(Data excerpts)
.....

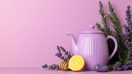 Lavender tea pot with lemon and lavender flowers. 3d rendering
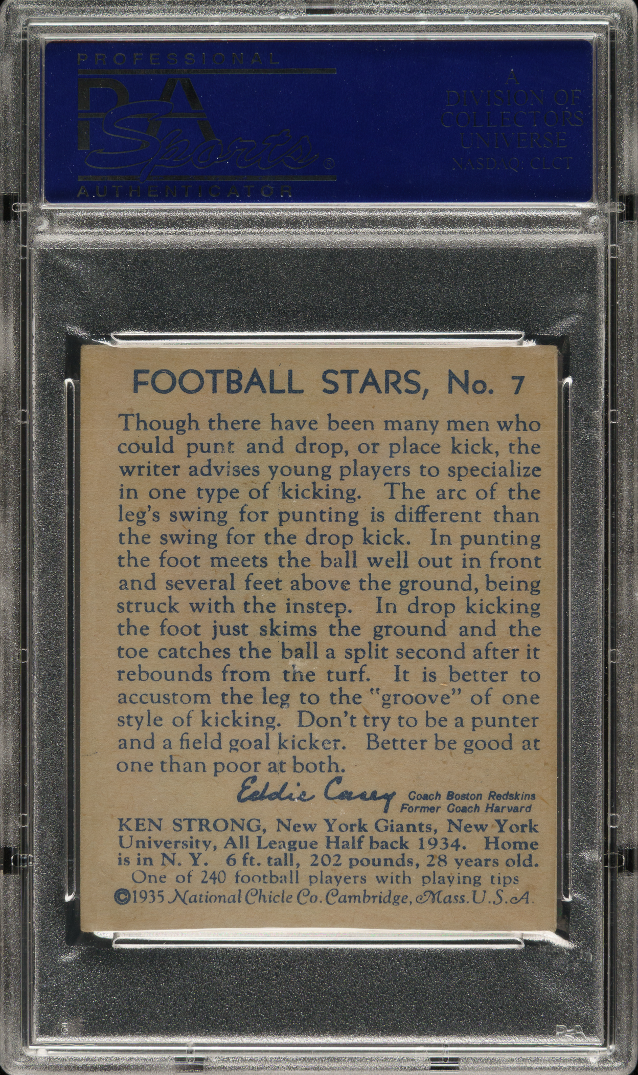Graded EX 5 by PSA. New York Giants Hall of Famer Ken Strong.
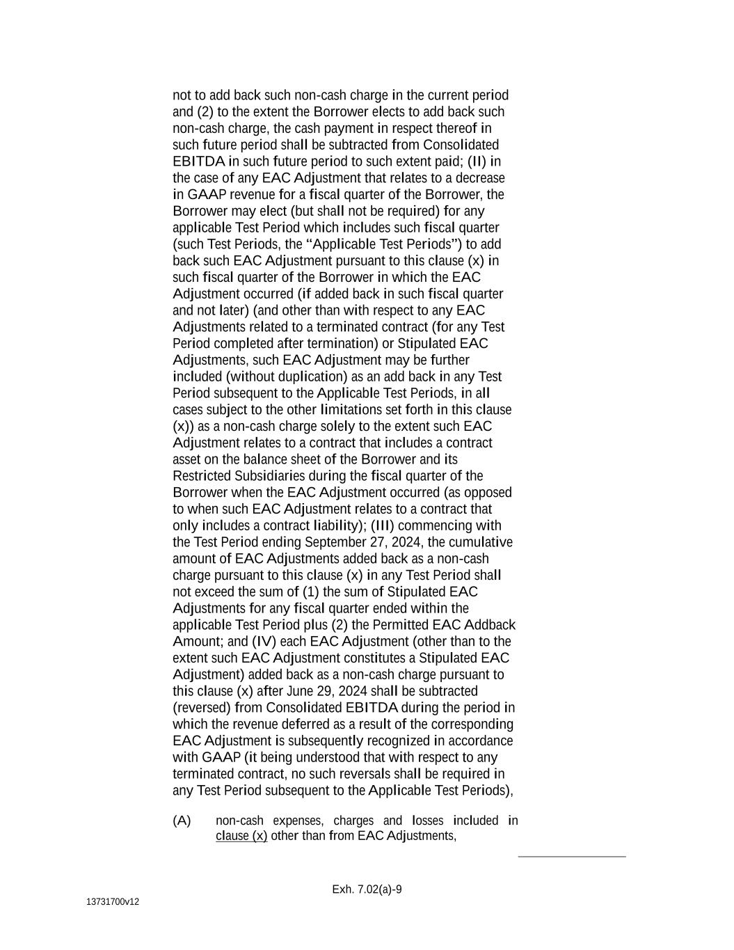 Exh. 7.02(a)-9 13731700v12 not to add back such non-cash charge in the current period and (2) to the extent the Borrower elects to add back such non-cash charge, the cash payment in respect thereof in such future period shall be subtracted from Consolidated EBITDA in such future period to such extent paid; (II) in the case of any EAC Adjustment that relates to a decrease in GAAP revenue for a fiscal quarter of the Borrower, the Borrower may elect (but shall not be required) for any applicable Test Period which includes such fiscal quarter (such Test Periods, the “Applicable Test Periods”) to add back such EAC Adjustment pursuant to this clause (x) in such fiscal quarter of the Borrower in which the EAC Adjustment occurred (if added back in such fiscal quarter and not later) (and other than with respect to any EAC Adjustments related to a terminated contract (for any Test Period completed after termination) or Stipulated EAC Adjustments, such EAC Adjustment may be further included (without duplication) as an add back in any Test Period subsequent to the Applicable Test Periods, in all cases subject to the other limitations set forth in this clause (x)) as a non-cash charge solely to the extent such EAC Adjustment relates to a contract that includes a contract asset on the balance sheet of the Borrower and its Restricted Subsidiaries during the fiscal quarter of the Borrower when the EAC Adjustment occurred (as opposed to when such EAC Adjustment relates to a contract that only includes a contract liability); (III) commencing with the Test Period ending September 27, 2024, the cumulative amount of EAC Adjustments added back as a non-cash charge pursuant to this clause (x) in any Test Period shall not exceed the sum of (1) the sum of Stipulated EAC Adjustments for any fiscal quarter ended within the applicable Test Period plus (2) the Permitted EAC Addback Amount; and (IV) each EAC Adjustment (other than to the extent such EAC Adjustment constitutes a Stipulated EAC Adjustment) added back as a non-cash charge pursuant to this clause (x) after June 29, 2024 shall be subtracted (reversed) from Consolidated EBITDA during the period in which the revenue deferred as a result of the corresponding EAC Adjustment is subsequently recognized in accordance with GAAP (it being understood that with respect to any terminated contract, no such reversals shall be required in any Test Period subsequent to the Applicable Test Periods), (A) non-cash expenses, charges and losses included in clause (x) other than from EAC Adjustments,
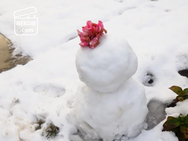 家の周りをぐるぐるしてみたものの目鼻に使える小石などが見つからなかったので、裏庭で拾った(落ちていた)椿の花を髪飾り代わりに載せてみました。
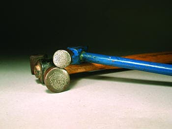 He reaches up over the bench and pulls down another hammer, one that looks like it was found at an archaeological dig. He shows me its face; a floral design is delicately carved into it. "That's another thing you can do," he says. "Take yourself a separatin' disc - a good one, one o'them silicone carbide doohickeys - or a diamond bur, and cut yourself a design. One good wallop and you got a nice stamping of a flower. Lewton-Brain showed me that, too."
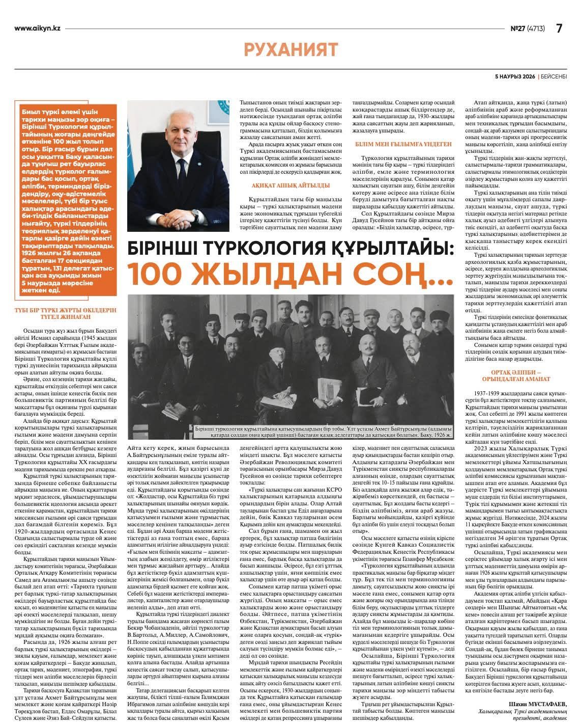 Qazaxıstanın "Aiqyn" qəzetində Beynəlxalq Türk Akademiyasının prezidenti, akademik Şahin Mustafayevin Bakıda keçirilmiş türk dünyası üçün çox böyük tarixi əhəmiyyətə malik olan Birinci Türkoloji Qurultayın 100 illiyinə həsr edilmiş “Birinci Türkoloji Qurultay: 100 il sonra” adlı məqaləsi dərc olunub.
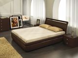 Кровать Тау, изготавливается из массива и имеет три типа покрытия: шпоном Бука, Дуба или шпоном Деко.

.....

(TASK DETAILS) Retype each line above precisely, please. Skip anything that is a picture.

(EXERCISE OUTPUT)
 Lavender tea pot with lemon and lavender flowers. 3d rendering
Graded EX 5 by PSA. New York Giants Hall of Famer Ken Strong.
 Exh. 7.02(a)-9 13731700v12 not to add back such non-cash charge in the current period and (2) to the extent the Borrower elects to add back such non-cash charge, the cash payment in respect thereof in such future period shall be subtracted from Consolidated EBITDA in such future period to such extent paid; (II) in the case of any EAC Adjustment that relates to a decrease in GAAP revenue for a fiscal quarter of the Borrower, the Borrower may elect (but shall not be required) for any applicable Test Period which includes such fiscal quarter (such Test Periods, the “Applicable Test Periods”) to add back such EAC Adjustment pursuant to this clause (x) in such fiscal quarter of the Borrower in which the EAC Adjustment occurred (if added back in such fiscal quarter and not later) (and other than with respect to any EAC Adjustments related to a terminated contract (for any Test Period completed after termination) or Stipulated EAC Adjustments, such EAC Adjustment may be further included (without duplication) as an add back in any Test Period subsequent to the Applicable Test Periods, in all cases subject to the other limitations set forth in this clause (x)) as a non-cash charge solely to the extent such EAC Adjustment relates to a contract that includes a contract asset on the balance sheet of the Borrower and its Restricted Subsidiaries during the fiscal quarter of the Borrower when the EAC Adjustment occurred (as opposed to when such EAC Adjustment relates to a contract that only includes a contract liability); (III) commencing with the Test Period ending September 27, 2024, the cumulative amount of EAC Adjustments added back as a non-cash charge pursuant to this clause (x) in any Test Period shall not exceed the sum of (1) the sum of Stipulated EAC Adjustments for any fiscal quarter ended within the applicable Test Period plus (2) the Permitted EAC Addback Amount; and (IV) each EAC Adjustment (other than to the extent such EAC Adjustment constitutes a Stipulated EAC Adjustment) added back as a non-cash charge pursuant to this clause (x) after June 29, 2024 shall be subtracted (reversed) from Consolidated EBITDA during the period in which the revenue deferred as a result of the corresponding EAC Adjustment is subsequently recognized in accordance with GAAP (it being understood that with respect to any terminated contract, no such reversals shall be required in any Test Period subsequent to the Applicable Test Periods), (A) non-cash expenses, charges and losses included in clause (x) other than from EAC Adjustments,
 家の周りをぐるぐるしてみたものの目鼻に使える小石などが見つからなかったので、裏庭で拾った(落ちていた)椿の花を髪飾り代わりに載せてみました。
 He reaches up over the bench and pulls down another hammer, one that looks like it was found at an archaeological dig. He shows me its face; a floral design is delicately carved into it. "That's another thing you can do," he says. "Take yourself a separatin' disc - a good one, one o'them silicone carbide doohickeys - or a diamond bur, and cut yourself a design. One good wallop and you got a nice stamping of a flower. Lewton-Brain showed me that, too."
 Qazaxıstanın "Aiqyn" qəzetində Beynəlxalq Türk Akademiyasının prezidenti, akademik Şahin Mustafayevin Bakıda keçirilmiş türk dünyası üçün çox böyük tarixi əhəmiyyətə malik olan Birinci Türkoloji Qurultayın 100 illiyinə həsr edilmiş “Birinci Türkoloji Qurultay: 100 il sonra” adlı məqaləsi dərc olunub.
 Кровать Тау, изготавливается из массива и имеет три типа покрытия: шпоном Бука, Дуба или шпоном Деко.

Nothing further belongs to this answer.